[Excerpts from a dataset]

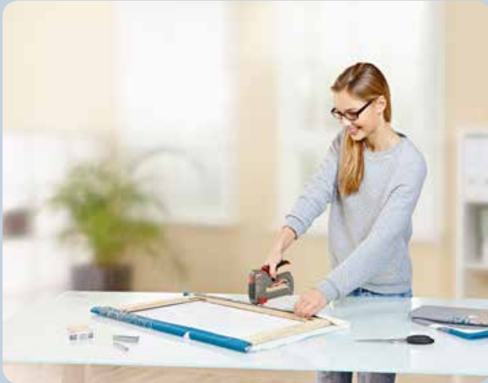
Quickly covered picture frame.
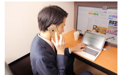
【周りを気にせずに利用できる】 オートロック付の鍵付完全個室 室内コンセント、USB充電、Wi-Fi 完備
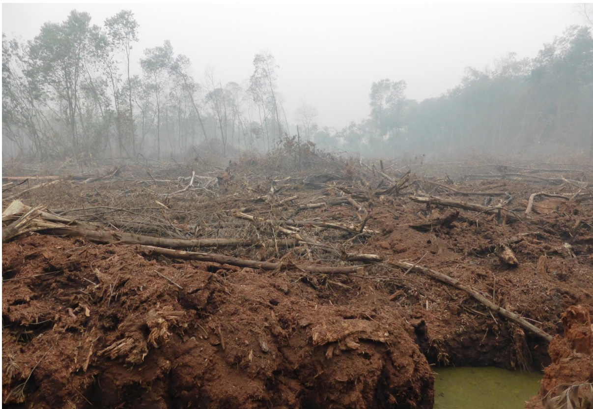
Gambar 1. Pembakaran dengan luas sekitar 2 hektar pada tegakan akasia yang berumur 3-4 tahun di areal IUPHHK-HT/HTI PT. Arara Abadi Sektor Duri, diperkirakan pembakaran pada September 2015. Gambar diambil pada titik koordinat N0°45'57.51" E101°38'18.74". Gambar diambil tanggal 6 Oktober 2015.
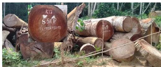
Photo 15 Grumes bloquées à MBUYA marquant le sigle de l'exploitant à la peinture

Pendant la descente en forêt du chantier MBUYA à ITIPO, l'équipe en mission a observé au village MBUYA (S 00.87423° E 018.58557°) 56 grumes dont 27 portaient le sigle de l'exploitant marqué en peinture (14 Padouk, 9 KOSSIPO, 2 BOSSE, 1 TIAMA et 1 TALI). Et 19 portant aucune marque. Toutes ces grumes étaient bloquées dans le parc à bois à MBUYA suite au conflit des communautés qui disputaient la propriété de cette forêt.
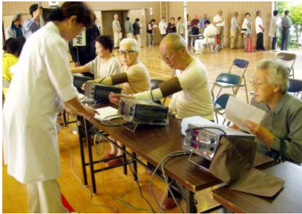
昨年の総合検診のようす

総合検診では、尿検査や身体測定などを行う「基本検査」 尿検査は、痛風などの原因となる尿酸値を検査する「尿酸値検査」
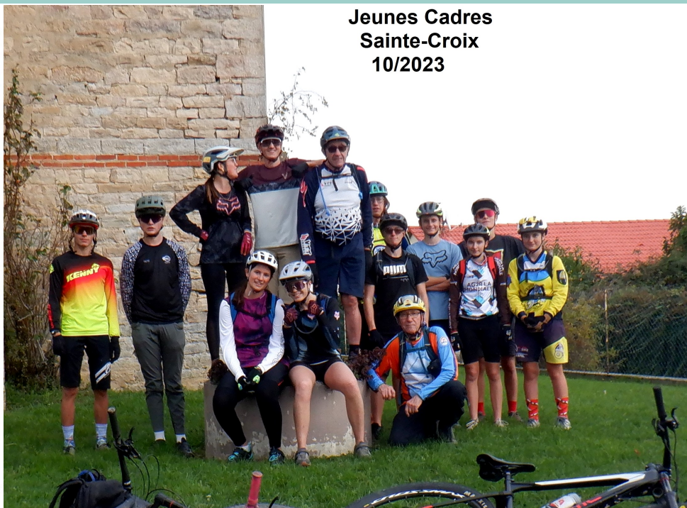
Jeunes Cadres Sainte-Croix 10/2023
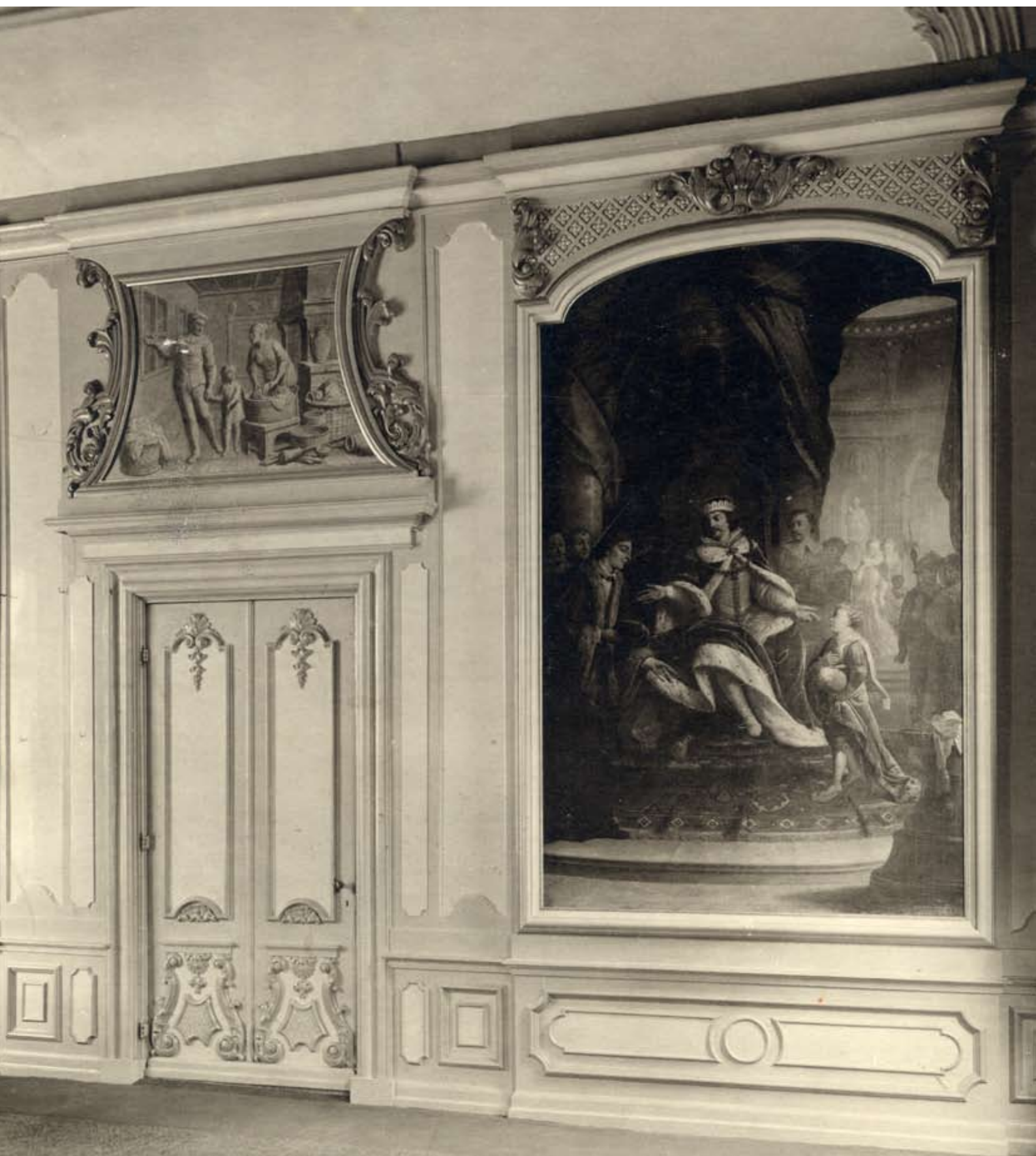
In het geboortehuis werd in de achttiende eeuw een 'Pausenkamer' ingericht met schilderijen die het leven van Adriaan verbeeldden. De schilderijen hangen tegenwoordig in Paushuizen.

▶ _Exercise objective_
In the data above, start at the line holding "オートロック付の鍵付完全個室 室内コンセント、USB充電、Wi-Fi 完備" and stop after the line holding "Gambar 1. Pembakaran"; write out those lines exactly, without pictures.

▶ _Solution for this problem_
【周りを気にせずに利用できる】 オートロック付の鍵付完全個室 室内コンセント、USB充電、Wi-Fi 完備
Gambar 1. Pembakaran dengan luas sekitar 2 hektar pada tegakan akasia yang berumur 3-4 tahun di areal IUPHHK-HT/HTI PT. Arara Abadi Sektor Duri, diperkirakan pembakaran pada September 2015. Gambar diambil pada titik koordinat N0°45'57.51" E101°38'18.74". Gambar diambil tanggal 6 Oktober 2015.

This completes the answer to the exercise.